#### [Task item]
From the line with "Let’s use an" to the line with "Grüne Blätter, braune", retype each line exactly as it stands in the records below, but skip the pictures.

#### [Available data]

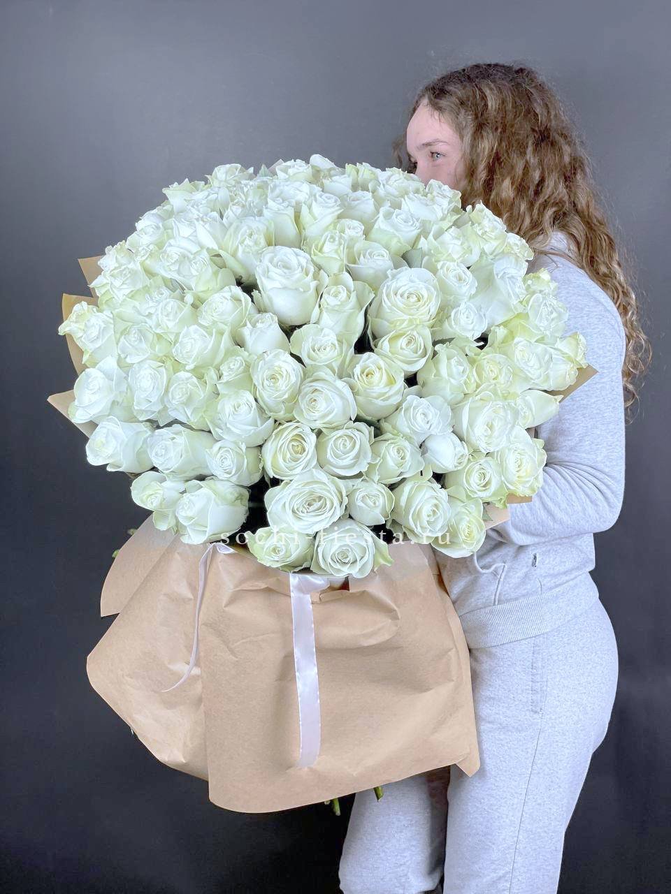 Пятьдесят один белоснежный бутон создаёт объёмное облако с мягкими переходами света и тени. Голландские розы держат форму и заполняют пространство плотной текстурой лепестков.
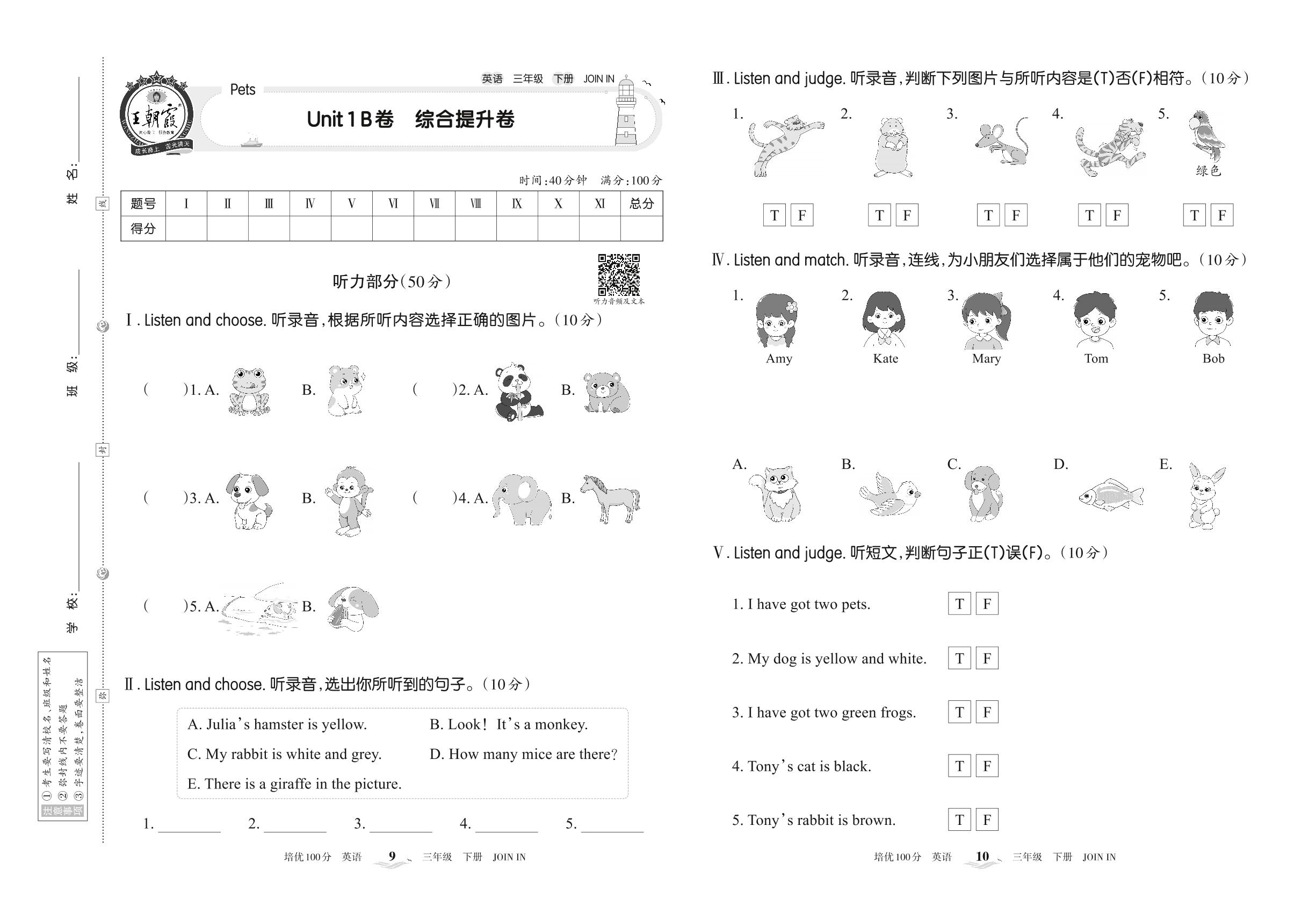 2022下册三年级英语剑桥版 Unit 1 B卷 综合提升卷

* * *

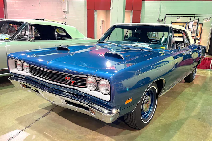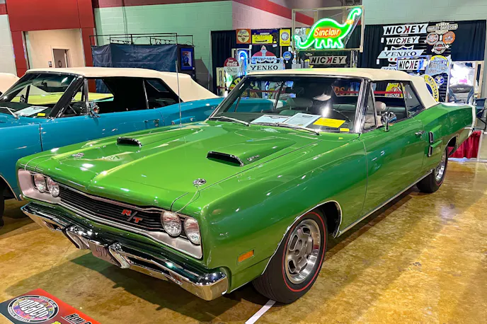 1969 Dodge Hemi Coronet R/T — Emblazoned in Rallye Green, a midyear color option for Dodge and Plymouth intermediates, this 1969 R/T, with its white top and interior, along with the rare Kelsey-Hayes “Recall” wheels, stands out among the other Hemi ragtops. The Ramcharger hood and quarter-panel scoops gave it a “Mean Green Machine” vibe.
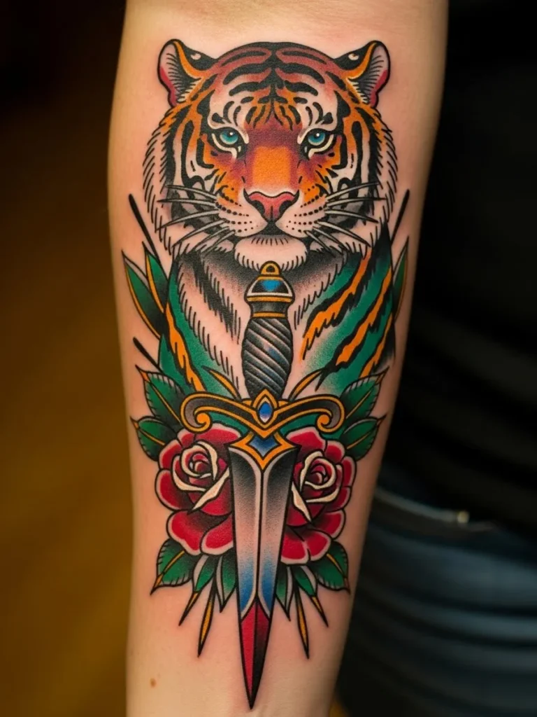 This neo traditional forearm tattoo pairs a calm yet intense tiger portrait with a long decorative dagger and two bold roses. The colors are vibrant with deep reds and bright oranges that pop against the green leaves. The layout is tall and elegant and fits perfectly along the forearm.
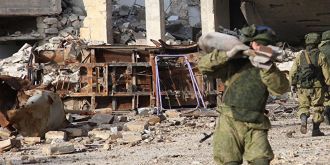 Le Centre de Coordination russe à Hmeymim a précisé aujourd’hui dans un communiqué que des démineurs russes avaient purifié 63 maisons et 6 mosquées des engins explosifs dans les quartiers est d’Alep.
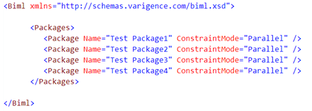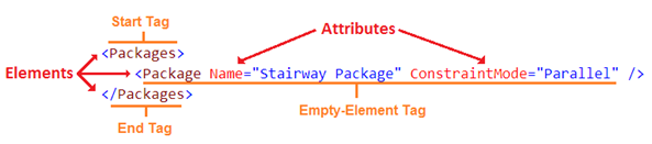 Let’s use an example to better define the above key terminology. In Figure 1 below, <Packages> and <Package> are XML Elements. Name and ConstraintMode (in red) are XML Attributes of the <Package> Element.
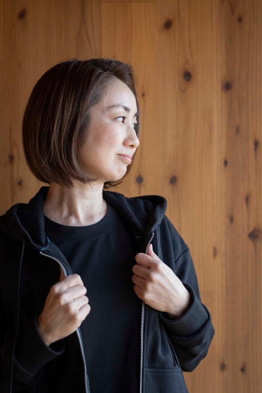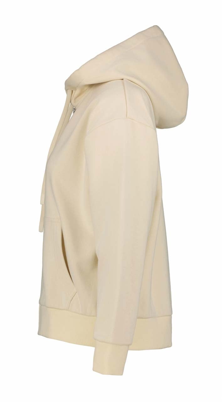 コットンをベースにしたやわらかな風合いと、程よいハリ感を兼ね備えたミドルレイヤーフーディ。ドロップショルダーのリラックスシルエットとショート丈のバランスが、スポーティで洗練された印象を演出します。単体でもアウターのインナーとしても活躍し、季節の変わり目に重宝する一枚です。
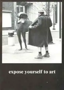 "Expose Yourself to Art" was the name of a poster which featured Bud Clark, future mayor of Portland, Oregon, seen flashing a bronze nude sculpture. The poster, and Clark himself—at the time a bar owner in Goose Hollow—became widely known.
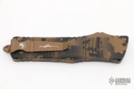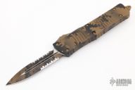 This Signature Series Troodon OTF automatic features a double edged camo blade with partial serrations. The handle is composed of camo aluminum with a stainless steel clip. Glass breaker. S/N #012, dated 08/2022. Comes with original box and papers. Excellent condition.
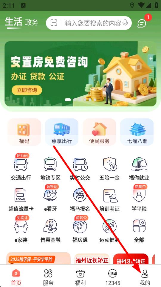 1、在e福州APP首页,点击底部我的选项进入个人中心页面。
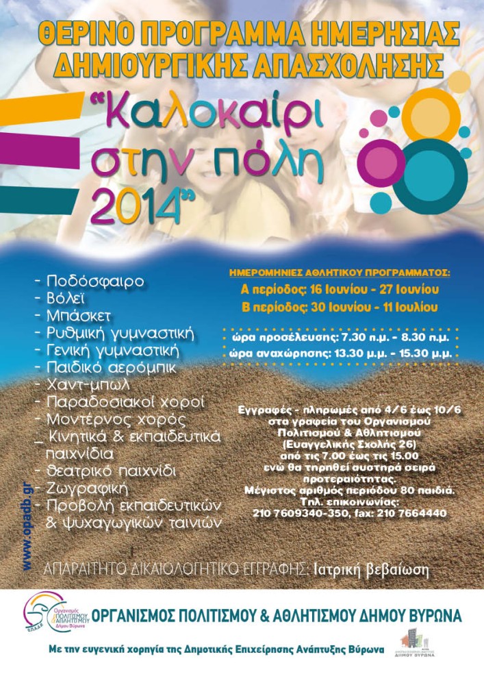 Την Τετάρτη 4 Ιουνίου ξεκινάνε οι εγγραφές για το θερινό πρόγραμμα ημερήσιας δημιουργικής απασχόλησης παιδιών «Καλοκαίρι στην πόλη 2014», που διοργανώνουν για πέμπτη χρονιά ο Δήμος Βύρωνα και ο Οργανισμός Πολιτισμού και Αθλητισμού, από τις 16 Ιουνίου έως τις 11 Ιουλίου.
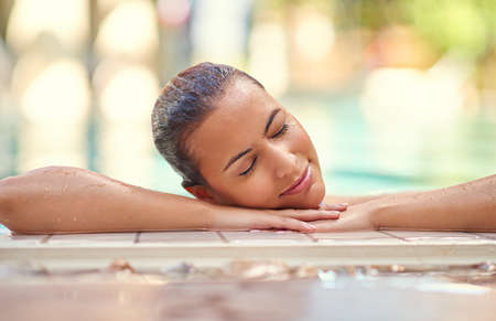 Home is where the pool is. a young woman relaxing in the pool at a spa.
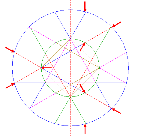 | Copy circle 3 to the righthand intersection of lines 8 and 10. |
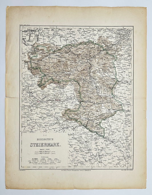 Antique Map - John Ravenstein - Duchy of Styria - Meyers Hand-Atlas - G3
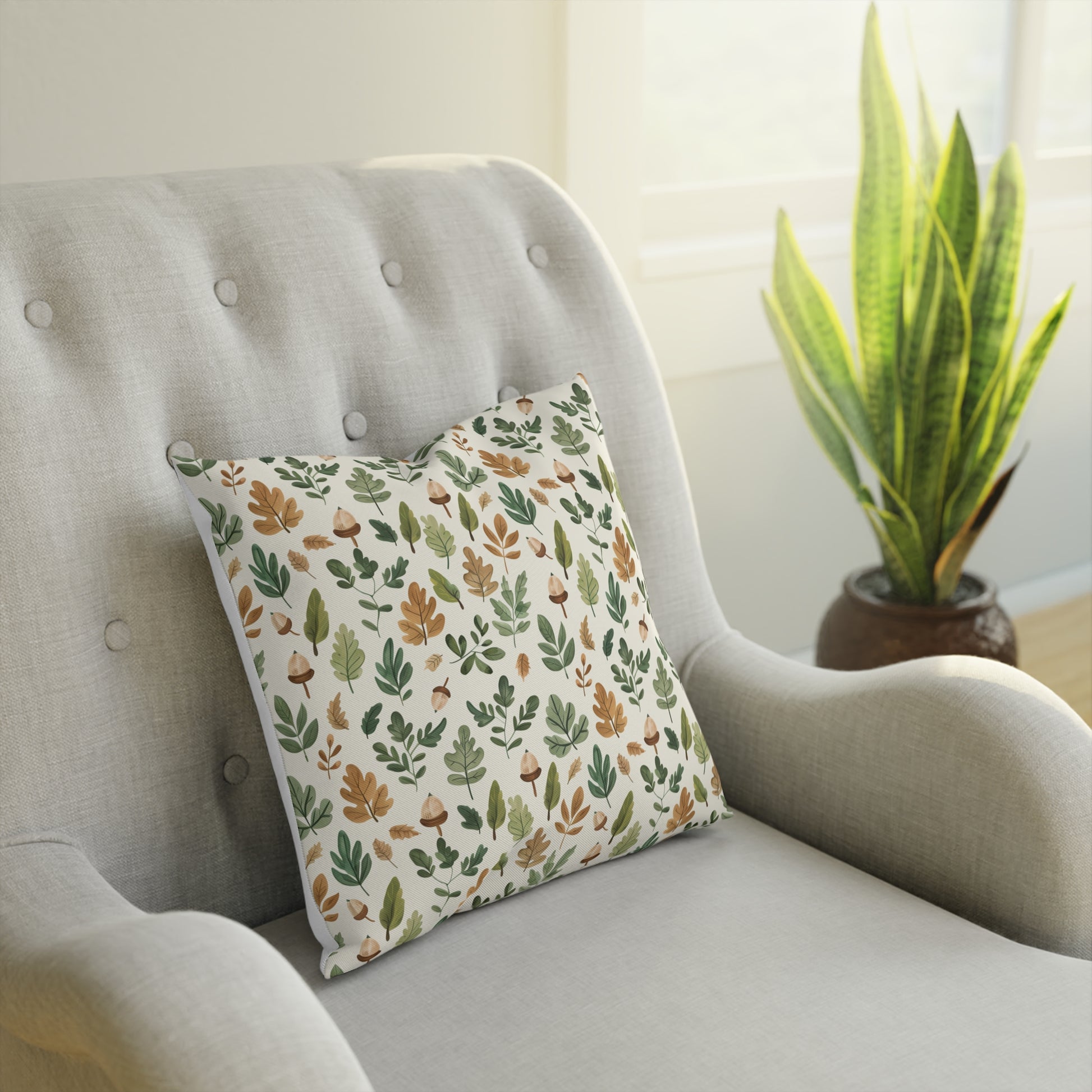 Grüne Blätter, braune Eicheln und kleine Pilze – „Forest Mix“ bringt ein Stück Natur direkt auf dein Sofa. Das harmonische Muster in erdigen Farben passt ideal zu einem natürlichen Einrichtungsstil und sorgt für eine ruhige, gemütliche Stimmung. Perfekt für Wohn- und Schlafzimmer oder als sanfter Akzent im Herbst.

#### [The completed task]
 Let’s use an example to better define the above key terminology. In Figure 1 below, <Packages> and <Package> are XML Elements. Name and ConstraintMode (in red) are XML Attributes of the <Package> Element.
 コットンをベースにしたやわらかな風合いと、程よいハリ感を兼ね備えたミドルレイヤーフーディ。ドロップショルダーのリラックスシルエットとショート丈のバランスが、スポーティで洗練された印象を演出します。単体でもアウターのインナーとしても活躍し、季節の変わり目に重宝する一枚です。
 "Expose Yourself to Art" was the name of a poster which featured Bud Clark, future mayor of Portland, Oregon, seen flashing a bronze nude sculpture. The poster, and Clark himself—at the time a bar owner in Goose Hollow—became widely known.
 This Signature Series Troodon OTF automatic features a double edged camo blade with partial serrations. The handle is composed of camo aluminum with a stainless steel clip. Glass breaker. S/N #012, dated 08/2022. Comes with original box and papers. Excellent condition.
 1、在e福州APP首页,点击底部我的选项进入个人中心页面。
 Την Τετάρτη 4 Ιουνίου ξεκινάνε οι εγγραφές για το θερινό πρόγραμμα ημερήσιας δημιουργικής απασχόλησης παιδιών «Καλοκαίρι στην πόλη 2014», που διοργανώνουν για πέμπτη χρονιά ο Δήμος Βύρωνα και ο Οργανισμός Πολιτισμού και Αθλητισμού, από τις 16 Ιουνίου έως τις 11 Ιουλίου.
 Home is where the pool is. a young woman relaxing in the pool at a spa.
 | Copy circle 3 to the righthand intersection of lines 8 and 10. |
 Antique Map - John Ravenstein - Duchy of Styria - Meyers Hand-Atlas - G3
 Grüne Blätter, braune Eicheln und kleine Pilze – „Forest Mix“ bringt ein Stück Natur direkt auf dein Sofa. Das harmonische Muster in erdigen Farben passt ideal zu einem natürlichen Einrichtungsstil und sorgt für eine ruhige, gemütliche Stimmung. Perfekt für Wohn- und Schlafzimmer oder als sanfter Akzent im Herbst.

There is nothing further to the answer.